Task brief - Write out the entries below exactly, but only from the line containing "11月28日,为支援香港大埔" through the line containing "Cotton denim jacket", and without the pictures.

++++ Supplied entries

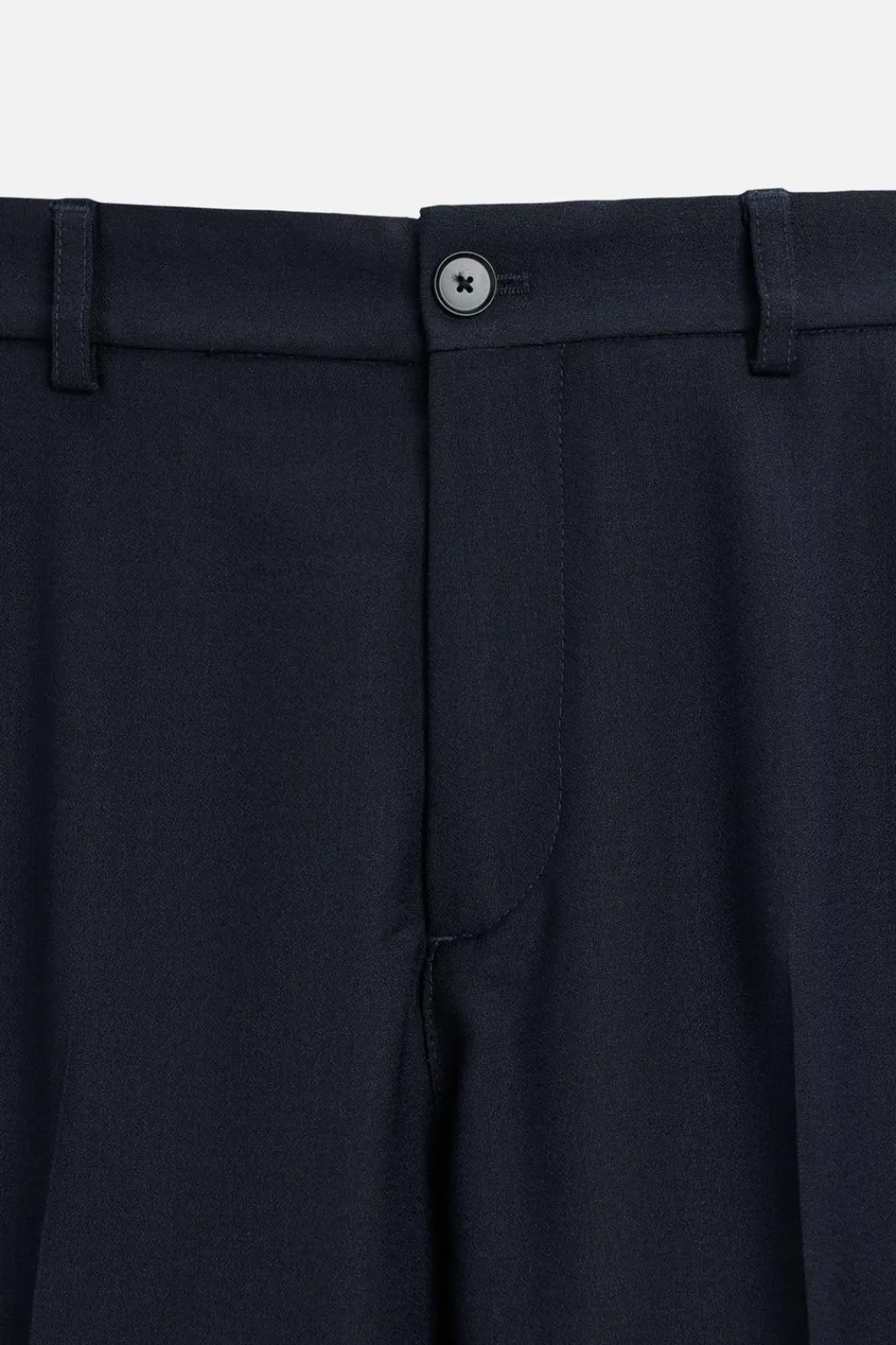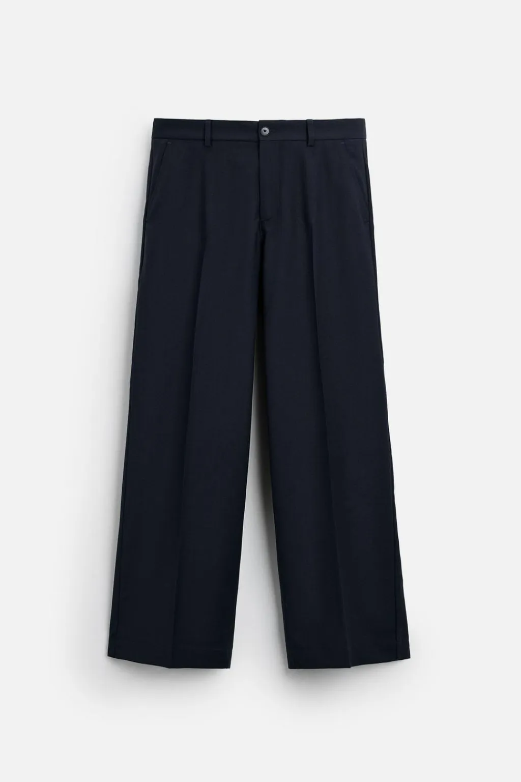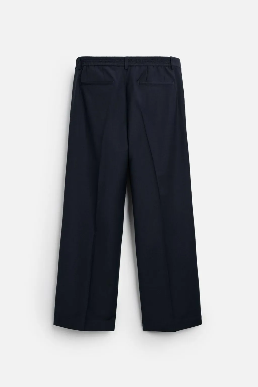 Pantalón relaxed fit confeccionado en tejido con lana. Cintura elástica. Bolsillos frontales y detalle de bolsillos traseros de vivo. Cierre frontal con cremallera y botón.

++++++++
++++ Supplied entries

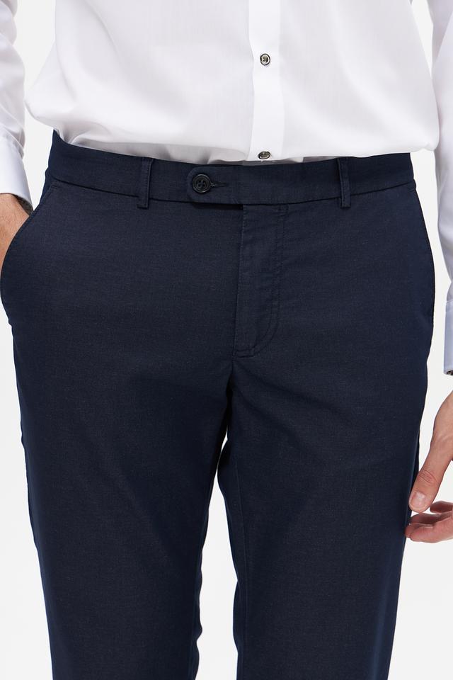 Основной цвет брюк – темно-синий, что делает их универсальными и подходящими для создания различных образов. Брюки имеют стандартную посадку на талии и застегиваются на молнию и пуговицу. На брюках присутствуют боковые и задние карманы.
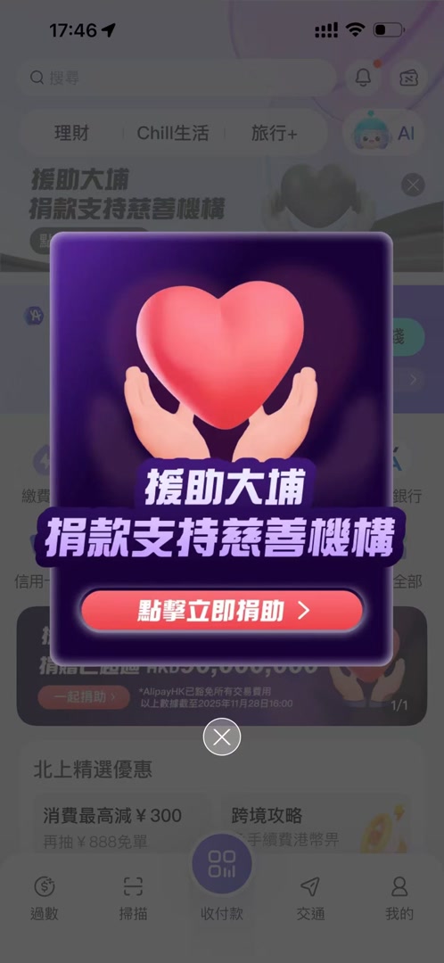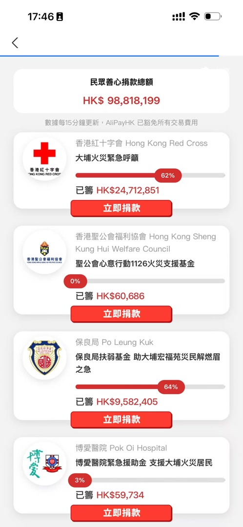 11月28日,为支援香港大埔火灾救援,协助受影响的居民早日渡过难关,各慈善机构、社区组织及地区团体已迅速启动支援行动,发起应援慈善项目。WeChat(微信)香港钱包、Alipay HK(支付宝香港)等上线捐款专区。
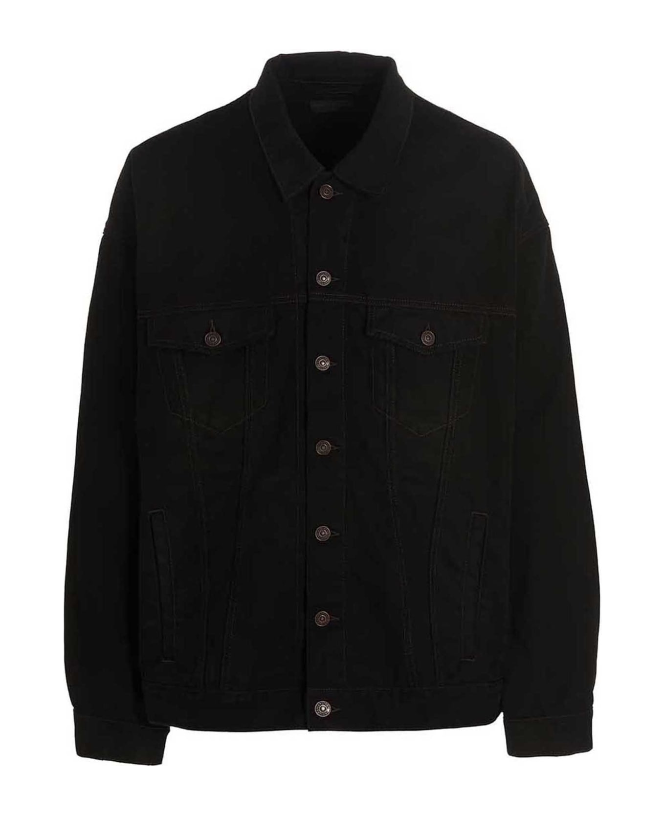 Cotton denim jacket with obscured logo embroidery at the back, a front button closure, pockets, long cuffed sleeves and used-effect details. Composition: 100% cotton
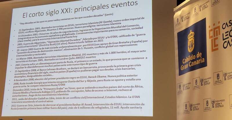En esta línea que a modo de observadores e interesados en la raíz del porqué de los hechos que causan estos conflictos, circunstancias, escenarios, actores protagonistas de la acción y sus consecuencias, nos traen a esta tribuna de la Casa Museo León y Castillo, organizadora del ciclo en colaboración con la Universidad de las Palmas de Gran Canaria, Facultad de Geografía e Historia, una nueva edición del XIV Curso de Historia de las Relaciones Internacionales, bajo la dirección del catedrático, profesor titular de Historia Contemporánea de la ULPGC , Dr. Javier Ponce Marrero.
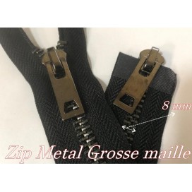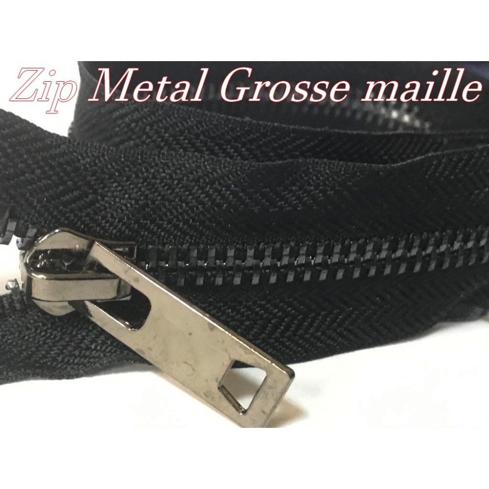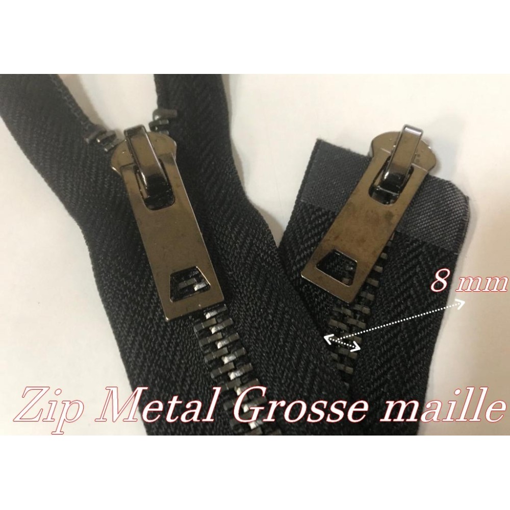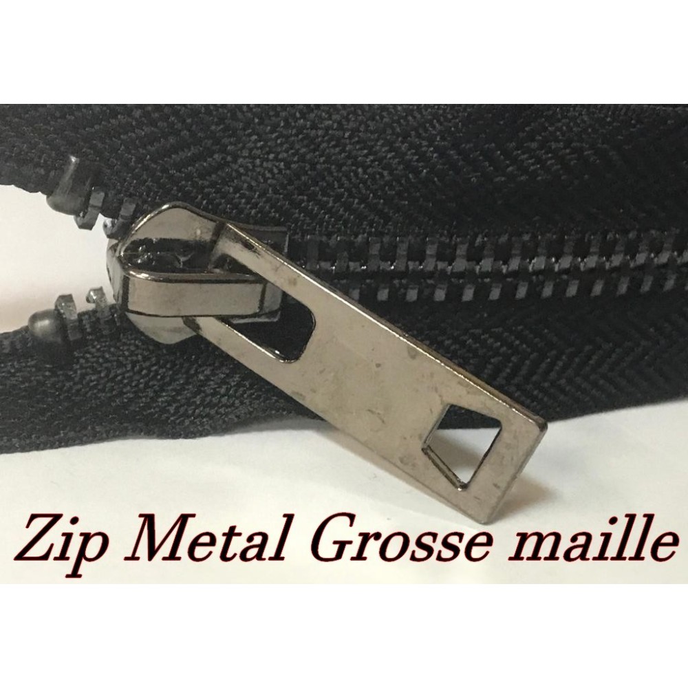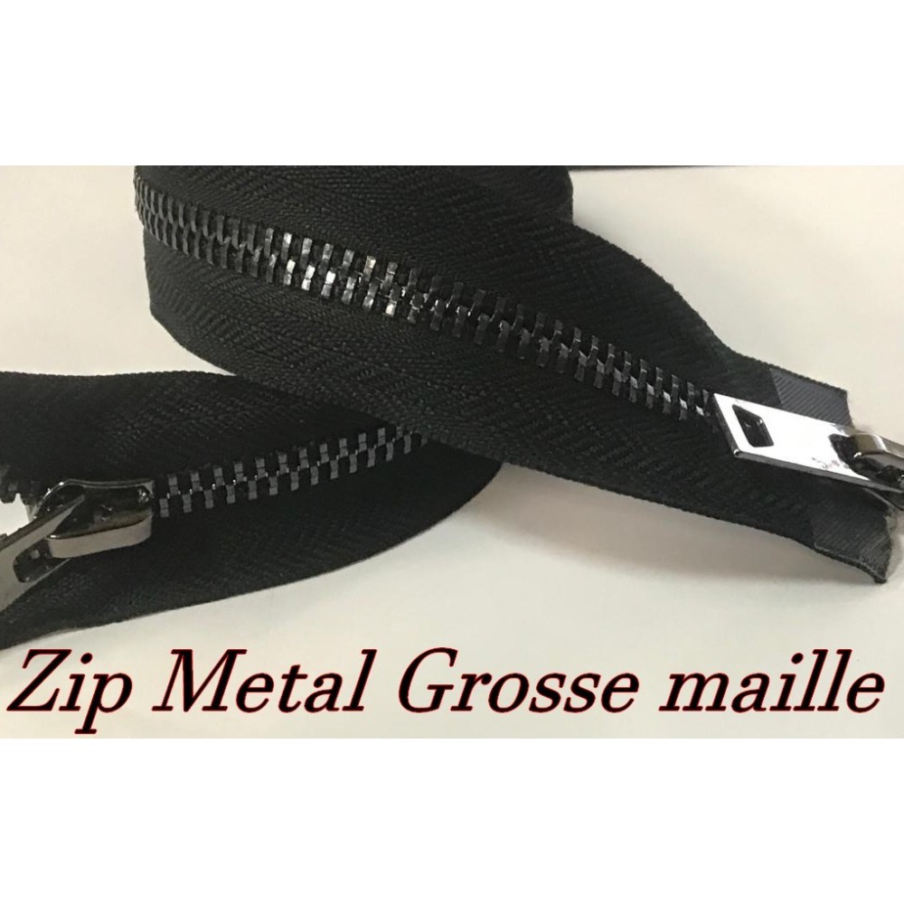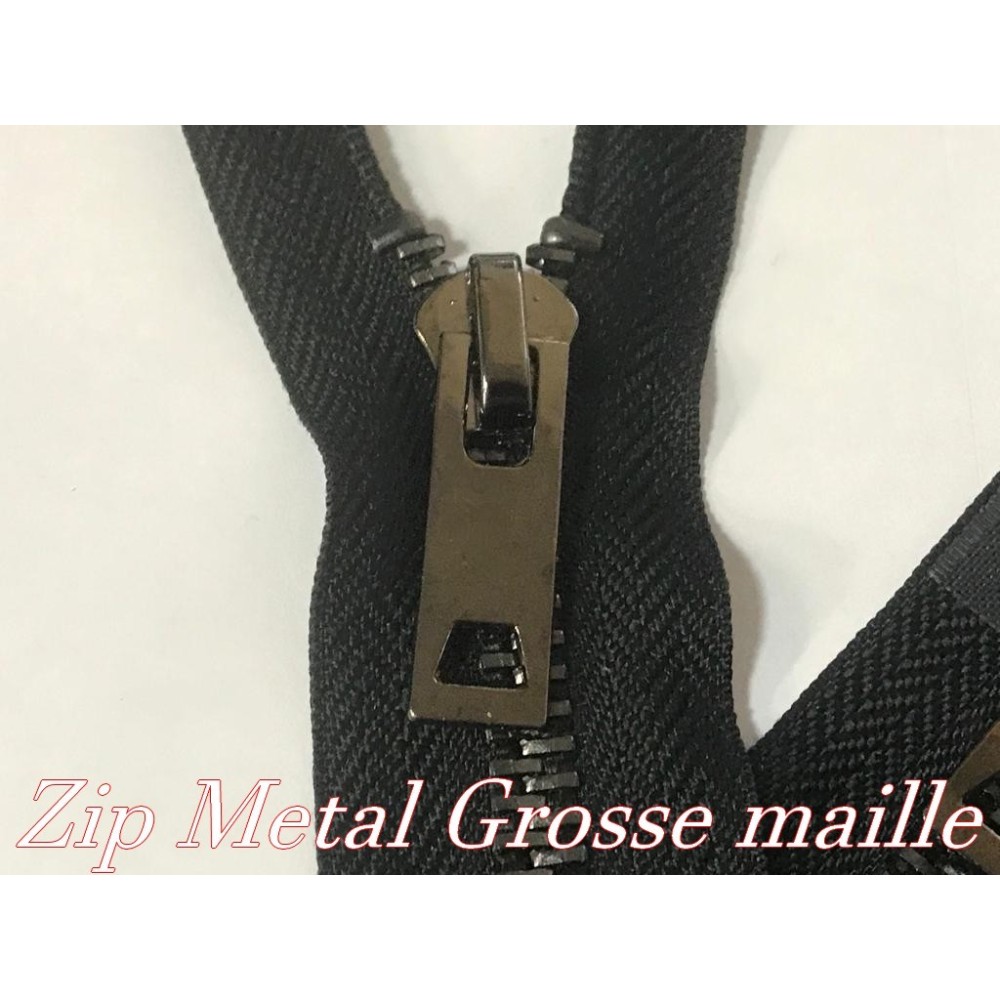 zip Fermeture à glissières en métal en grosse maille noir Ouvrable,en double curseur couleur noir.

++++++++

Written response -
 11月28日,为支援香港大埔火灾救援,协助受影响的居民早日渡过难关,各慈善机构、社区组织及地区团体已迅速启动支援行动,发起应援慈善项目。WeChat(微信)香港钱包、Alipay HK(支付宝香港)等上线捐款专区。
 Cotton denim jacket with obscured logo embroidery at the back, a front button closure, pockets, long cuffed sleeves and used-effect details. Composition: 100% cotton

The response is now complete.